Data for this exercise section start

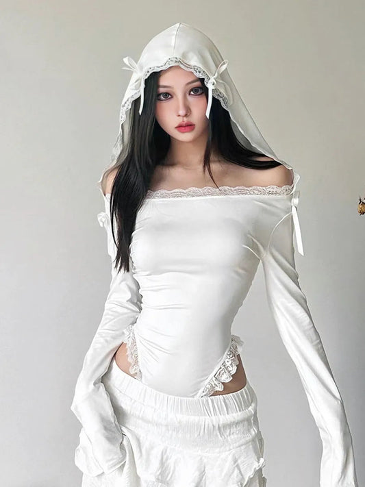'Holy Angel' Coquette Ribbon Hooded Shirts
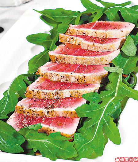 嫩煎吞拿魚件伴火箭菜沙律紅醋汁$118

Data for this exercise section end
Data for this exercise section start

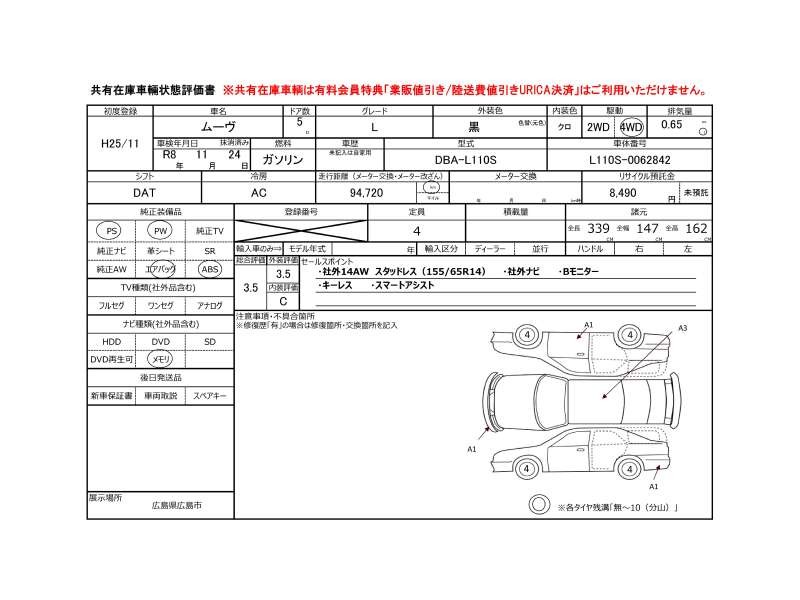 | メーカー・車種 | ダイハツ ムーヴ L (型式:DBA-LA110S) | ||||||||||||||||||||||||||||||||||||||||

Data for this exercise section end
Data for this exercise section start

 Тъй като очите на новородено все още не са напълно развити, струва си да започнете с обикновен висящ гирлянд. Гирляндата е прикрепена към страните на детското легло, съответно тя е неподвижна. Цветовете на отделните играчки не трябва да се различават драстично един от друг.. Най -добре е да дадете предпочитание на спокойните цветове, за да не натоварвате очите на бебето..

Data for this exercise section end

**Required work**
Using the entries above, reproduce word for word only the lines from the one that contains "Ribbon Hooded Shirts" to the one that contains "嫩煎吞拿魚件伴火箭菜沙律紅醋汁$118", both ends included, and drop every picture.

**Expected answer**
'Holy Angel' Coquette Ribbon Hooded Shirts
 嫩煎吞拿魚件伴火箭菜沙律紅醋汁$118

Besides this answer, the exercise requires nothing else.